We can now visualise the results. The UKF simultaneously estimates the parameter and the true state. As we make more measurements, we would expect our parameter estimates to become better, which should also improve the state estimates.

In [None]:
p_T = plot(time, T_, xlabel = L"t~(\textrm{s})", ylabel = L"T~(\textrm{K})", color = "orange", label = "True", xlim = (time[1], time[end]), ylim = (240, 320))
plot!(p_T, time, m_x_t, color = "blue", ribbon = 2 * sqrt.(v_x_t), alpha = 0.25, fill_color = "blue", label = "Bayesian")
scatter!(p_T, time, y_, color = "orange", label = "Observed")
# savefig(p_T, "Results\\Explore\\UKF\\LSSM_1_block_Forney_temp.pdf")
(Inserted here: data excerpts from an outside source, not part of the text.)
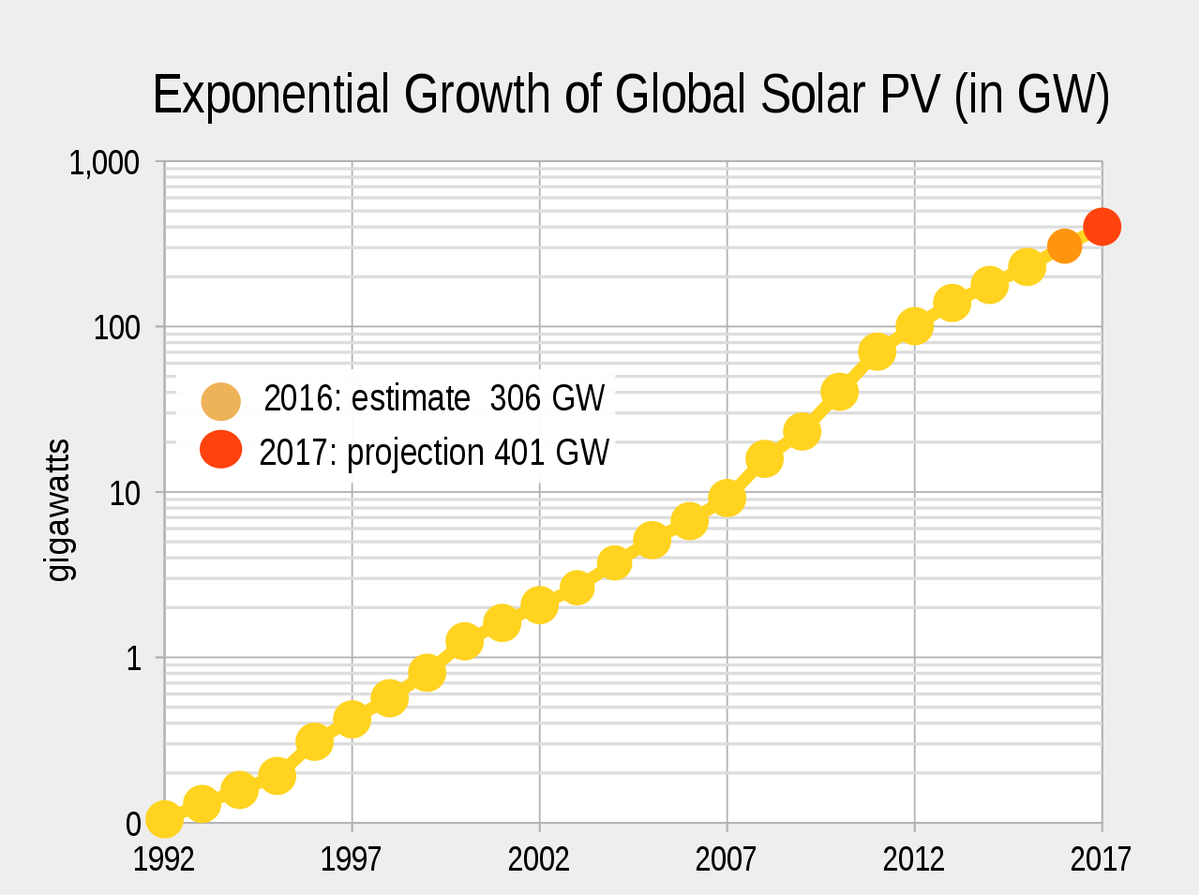 Eventually sooner or later you'll run out of quality sites for Solar PV power generation on Earth so one expects curve to flat-line in the future. Law of diminishing returns apply.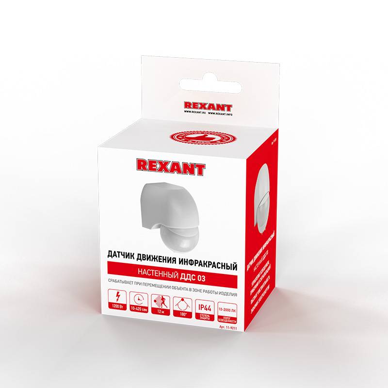 Датчик движения настенный ДДС 03, 180°, 1200 Вт, 10-2000 Лк, 12 м, 10-900 сек. IP44 REXANT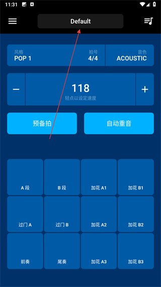 1、打開BeatStation應(yīng)用,點(diǎn)擊頂部的Default區(qū)域。
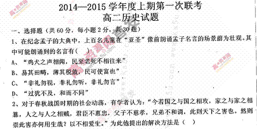 百度:《KS5U首发》河南省中原名校2014-2015学年高二上学期第一次联考试题 历史 扫描版无答案
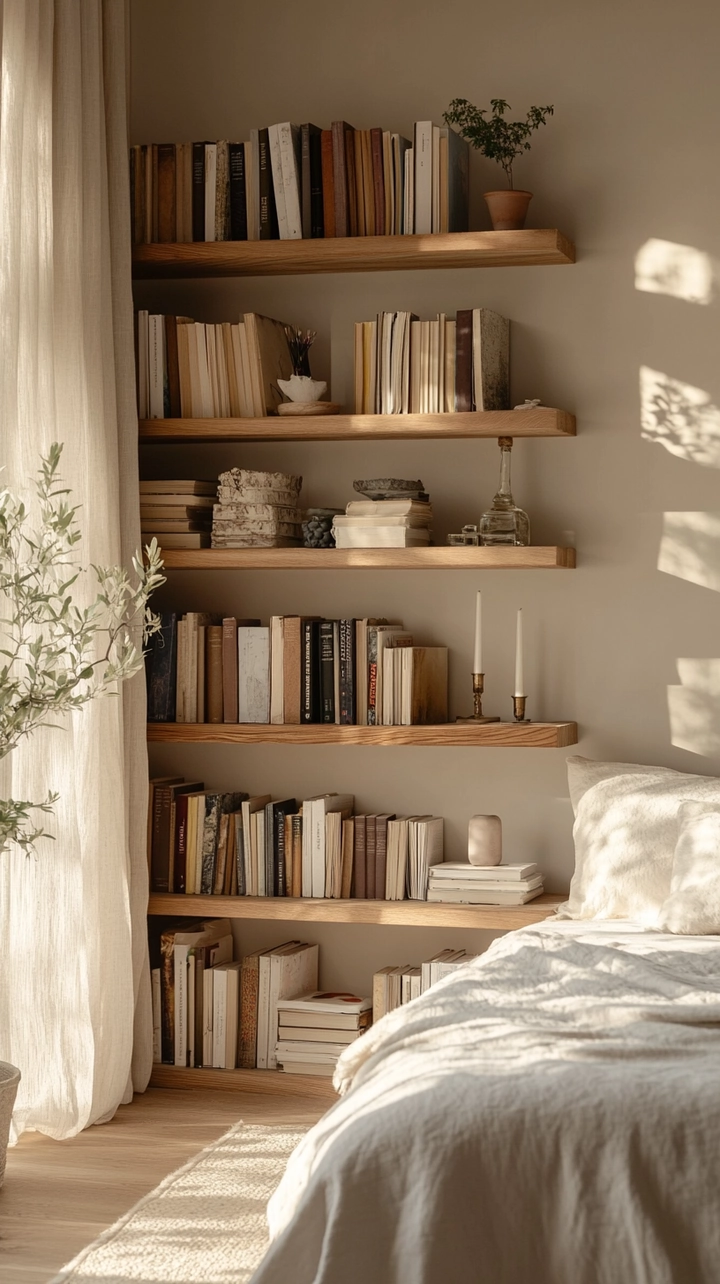 If you love a clutter-free, peaceful bedroom, floating wooden shelves are the way to go. Mounted above the bed, these shelves create a sleek and functional design. Use warm, earthy-toned books and minimal decor like candles and small potted plants to maintain a calming ambiance.

The plot above shows the mode of the posterior in blue, with a ribbon that is two standard deviations wide on each side (so that it contains roughly 95 % of the probability mass). Around $t = 2000~\second$, the state gets significantly overestimated, but over time this error appears to decay. 

We can also visualise the evolution of the parameter posterior.

In [None]:
p_p = plot(time, m_θ_t, color = "blue", ribbon = 2 * sqrt.(v_θ_t), alpha = 0.25, fill_color = "blue", xlabel = L"t~(\textrm{s})", ylabel = L"θ", label = "Bayesian", xlim = (time[1], time[end]), ylim = (0, 3))
hline!([real_θ], color = "orange", label = "True")
# savefig(p_p, "Results\\Explore\\UKF\\LSSM_1_block_Forney_param.pdf")

In [None]:
(last(m_θ_t) - real_θ) / real_θ # Relative error of the mean of the final posterior of θ

As the plot above suggests, this approach has been very successful: the mean of the posteriors of $\theta$ quickly goes to the true value of $\theta$. The relative error is only about 0.5 %. 
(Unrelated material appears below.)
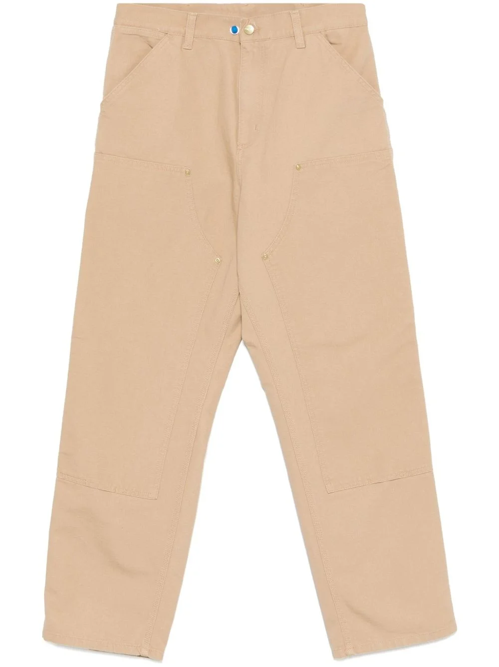Double Knee trousers Highlights - Beige - Concealed fly and button fastening - Two side slash pockets Imported Composition Outer: Organic Cotton 100% Lining: Polyester 65%, Cotton 35% SIZE & FIT Model measurements Height 6 ft 2 in(1.87 m) Bust/Chest 37.79 in(96 cm) Hips 37.79 in(96 cm) Waist 30.31 in(77 cm) FittingInformation Designed for a relaxed straight leg, allowing a comfortable and loose fit over the leg Sturdy and hard-wearing, this denim piece offers no stretch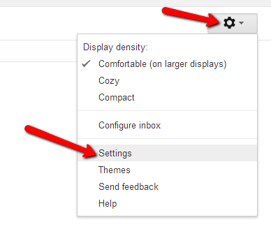 First, you will click the gear located in the upper right hand corner of your Gmail account. Then, click on settings.

We can further quantify how good our estimate is by determining the (empirical) risk. A common choice of risk is the Mean Square Error MSE, which corresponds to a quadratic loss function.

In [None]:
using Distributions
MSE(true_θ, post_mean, post_var) = (post_mean - true_θ)^2 + post_var

mse_prior = MSE(real_θ, 2, 1)
mse_post = MSE(real_θ, m_θ_t[end], v_θ_t[end])
mse_prior, mse_post

Clearly, our risk has significantly decreased after the inference. We have to put the prior and posterior in different plots, because they have vastly different scales:

In [None]:
p_MSE_prior = plot(Distributions.Normal(2, 1), ylim = (0, 0.5), xlabel = L"θ", ylabel = "Density", label = L"Prior $θ$", title = "Prior")
vline!(p_MSE_prior, [real_θ], label = L"True $θ$")
annotate!(p_MSE_prior, (0.05, 0.95), (L"\textrm{MSE} = %$(round(mse_prior, sigdigits = 2))", 12, :left))
p_MSE_post = plot(Distributions.Normal(m_θ_t[end], sqrt(v_θ_t[end])), ylim = (0, 15), xlabel = L"θ", ylabel = "Density", label = L"Posterior $θ$",  title = "Posterior")
vline!([real_θ], label = L"True $θ$")
annotate!(p_MSE_post, (0.05, 0.95), (L"\textrm{MSE} = %$(round(mse_post, sigdigits = 2))", 12, :left))
p_MSE = plot(p_MSE_prior, p_MSE_post, layout = (1, 2), size = (800, 400), leftmargin = 6mm)
# savefig(p_MSE, "Results\\Explore\\UKF\\LSSM_1_block_Forney_MSE.pdf")

## Conclusion
Unfortunately, it does not seem to be possible to use a nonlinear Kalman filter for higher dimensional versions of our problem in ForneyLab. Hence, we must look to other approximate methods, since we do not have the time to implement such a nonlinear Kalman filter. We return to the [main Julia notebook](sysid-thermal-AR.ipynb).